Capter.2『青い薔薇と、”お兄様”。』

Capter.2『青い薔薇と、”お兄様”。』

飛羽真『お兄さま』概念の人

 ・小洒落た男「…ふぅ、あったあった。」

 月明かりが照らすファンタジック本屋かみやま、その奥から売り場の側に出てきた店主…小洒落た服装の男の腕には絵本が抱えられていた。

 表題は『幸せの青いバラ』、その題の通り、表紙には自信に満ち溢れているかのように悠々と咲き誇る青いバラが描かれている。

 新作のネタを求め府中市で行っていた取材を終え、夕焼けに照らされながら帰宅する途中で”幼い少年”…いや、『黒い小さな本』に宿る蒼いドラゴンから聞いた話にあった『馬耳のお姉ちゃんが読んでくれた絵本』で、「そこに出てくる『お兄様』が『お兄ちゃん』みたい」だと、蒼く幼いドラゴンは何時にも増してはしゃいでいた。

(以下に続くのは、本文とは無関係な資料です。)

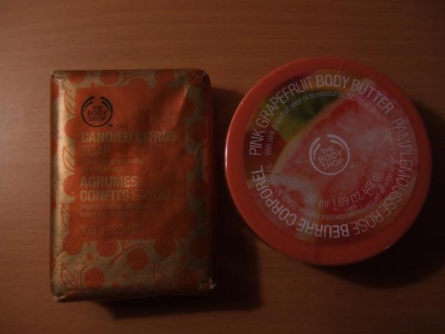Body shop muiliukas (apelisinu kvapo) ir kuno sviestas (greifurtu kvapo). Nei vienas nepraplestas. (Sviestas ismainytas)
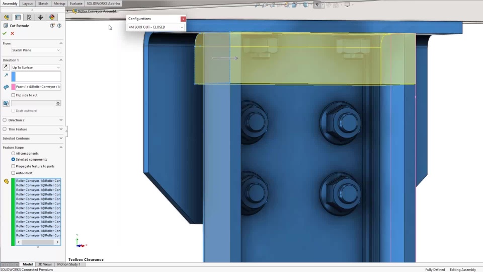 Improve assembly speed and simplify assembly design with intelligent, automated assembly mode performance selections. Speed up assembly design workflow by supporting configuration for skipped instances in assembly pattern features. Eliminate manual work and save time with the ability to automatically repair mates that lost assembly mate references. Easily control cut depth by adding more assembly level cut feature end conditions such as Up to Next and Up to Surface. Speed up assembly layout process by allowing users to suppress and unsupress individual points of magnetic mates. Easily work with large assemblies using assembly visualization there is no longer need to resolve components for properties such as mass and total weight. Speed up your downstream processes by exporting assembly components as separate STEP files.

 男は自分の机に向かい、腰を落ち着けると絵本を開く。ステンドグラスをクレヨンと水彩絵の具で描いたような、引き付けられる絵と共に数行の文章が振り仮名も含め出来るだけひらがなで書かれた、結構特徴的ながらもありふれた絵本。男は文章と絵を眼で追うようにしてその絵本を読み始める。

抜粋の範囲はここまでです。